"I am the illustrious personage."
But he looked so serious after he had made me that light answer, that the Major raised his eyebrows at me and I raised mine at the Major.
"Gran and godfather," says Jemmy, "you can hardly think how much my mind has run on Mr. Edson's death."
It gave me a little check. "Ah! it was a sad scene my love" I says, "and sad remembrances come back stronger than merry. But this" I says after a little silence, to rouse myself and the Major and Jemmy all together, "is not topping up. Tell us your story my dear."
"I will" says Jemmy.
"What is the date sir?" says I. "Once upon a time when pigs drank wine?"
"No Gran," says Jemmy, still serious; "once upon a time when the French drank wine."
Again I glanced at the Major, and the Major glanced at me.
"In short, Gran and godfather," says Jemmy, looking up, "the date is this time, and I'm going to tell you Mr. Edson's story."
The flutter that it threw me into. The change of colour on the part of the Major!

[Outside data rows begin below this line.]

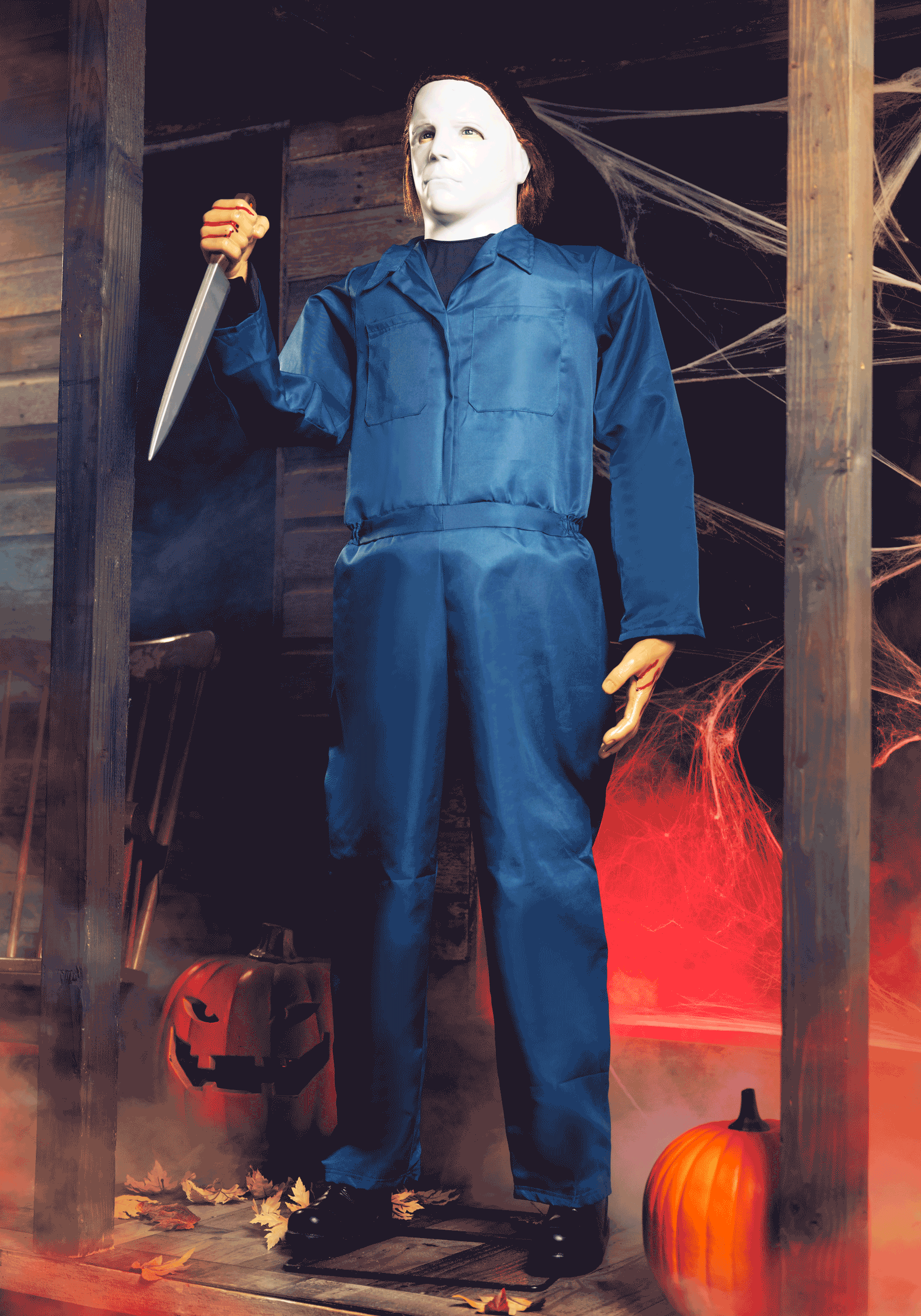 Constructed with a sturdy metal frame, this prop is designed to stand tall and stable, whether indoors or out. Its robust construction ensures that Michael will remain a fearsome figure throughout the Halloween season, ready to deliver scares at every turn.
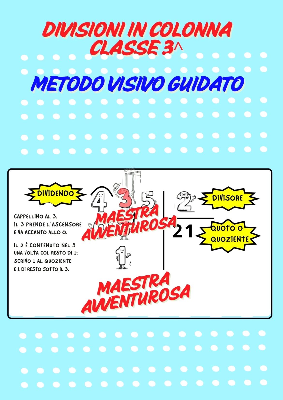 Questo materiale didattico offre un percorso chiaro e coinvolgente per insegnare le divisioni in colonna agli alunni della classe terza. Con un metodo visivo e guidato, i bambini imparano a padroneggiare questa operazione fondamentale.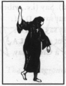 — В полночь, при поклонении Хепри (лицом на север) совершается знак Исиды Скорбящей, в котором телу придается форма свастики: руки согнуты в локтях, правое предплечье при этом поднято, левое — опущено; голова наклонена к левому плечу (взгляд направлен на левое предплечье); стопы повернуты влево; правая стопа приподнята на носок, правое колено согнуто.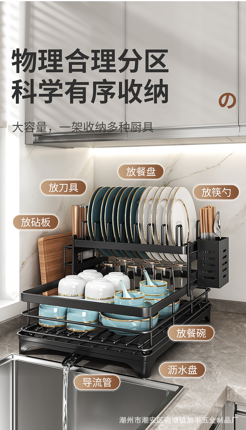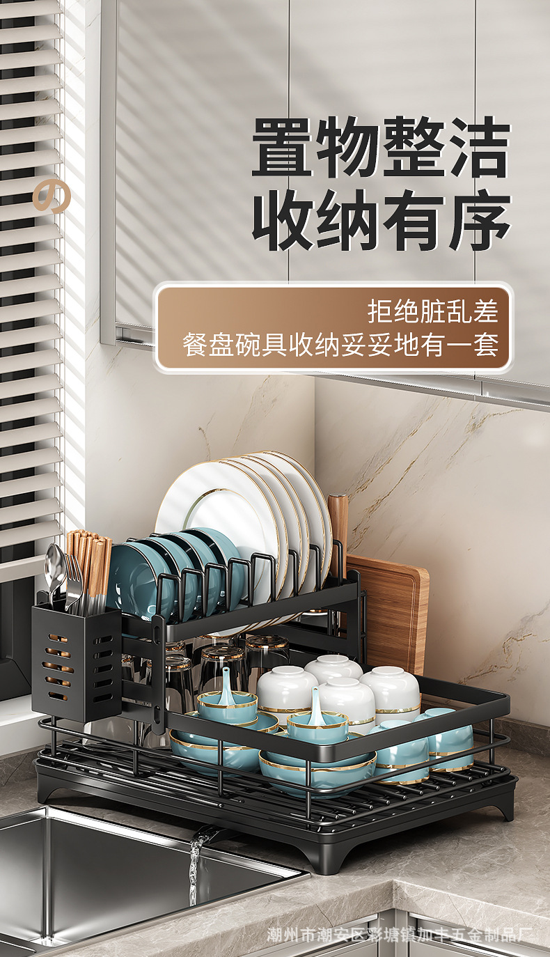 국경 간 접시 랙 드레인 랙 보관 작은 찬장 주방 보관 랙 다층 저장 용품 접시 선반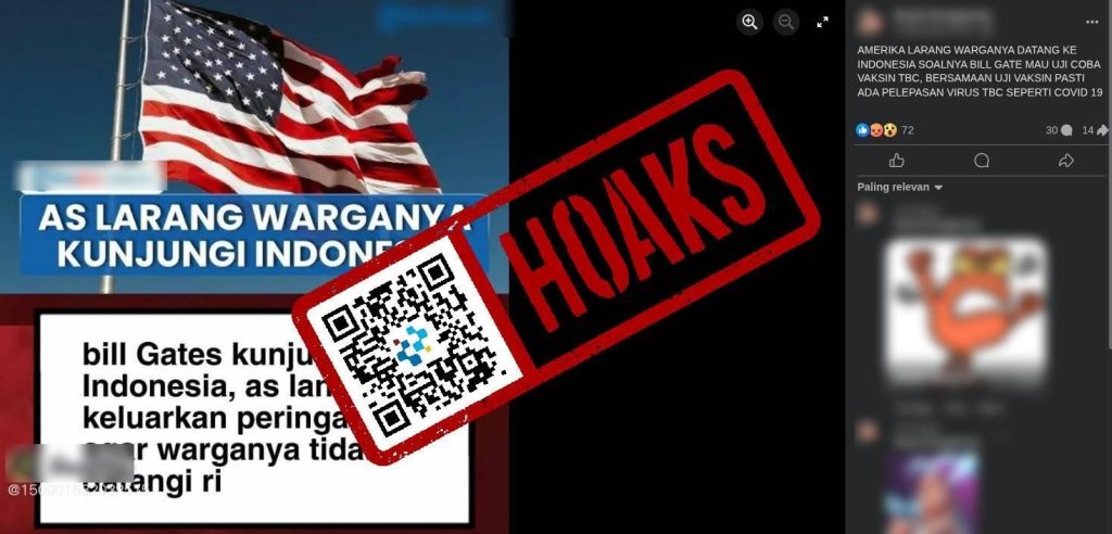 Beredar sebuah unggahan di media sosial Facebook yang mengeklaim bahwa Pemerintah Amerika Serikat (AS) melarang warganya untuk tidak berkunjung ke Indonesia karena adanya uji coba vaksin Tuberkulosis (TBC) Bill Gates.

"That is to say, you understand," our bright-eyed boy says, "I am going to give you my version of it. I shall not ask whether it's right or not, firstly because you said you knew very little about it, Gran, and secondly because what little you did know was a secret."
I folded my hands in my lap and I never took my eyes off Jemmy as he went running on.
"The unfortunate gentleman" Jemmy commences, "who is the subject of our present narrative was the son of Somebody, and was born Somewhere, and chose a profession Somehow. It is not with those parts of his career that we have to deal; but with his early attachment to a young and beautiful lady."
I thought I should have dropped. I durstn't look at the Major; but I know what his state was, without looking at him.
"The father of our ill-starred hero" says Jemmy, copying as it seemed to me the style of some of his story-books, "was a worldly man who entertained ambitious views for his only son and who firmly set his face against the contemplated alliance with a virtuous but penniless orphan. Indeed he went so far as roundly to assure our hero that unless he weaned his thoughts from the object of his devoted affection, he would disinherit him. At the same time, he proposed as a suitable match the daughter of a neighbouring gentleman of a good estate, who was neither ill-favoured nor unamiable, and whose eligibility in a pecuniary point of view could not be disputed. But young Mr. Edson, true to the first and only love that had inflamed his breast, rejected all considerations of self-advancement, and, deprecating his father's anger in a respectful letter, ran away with her."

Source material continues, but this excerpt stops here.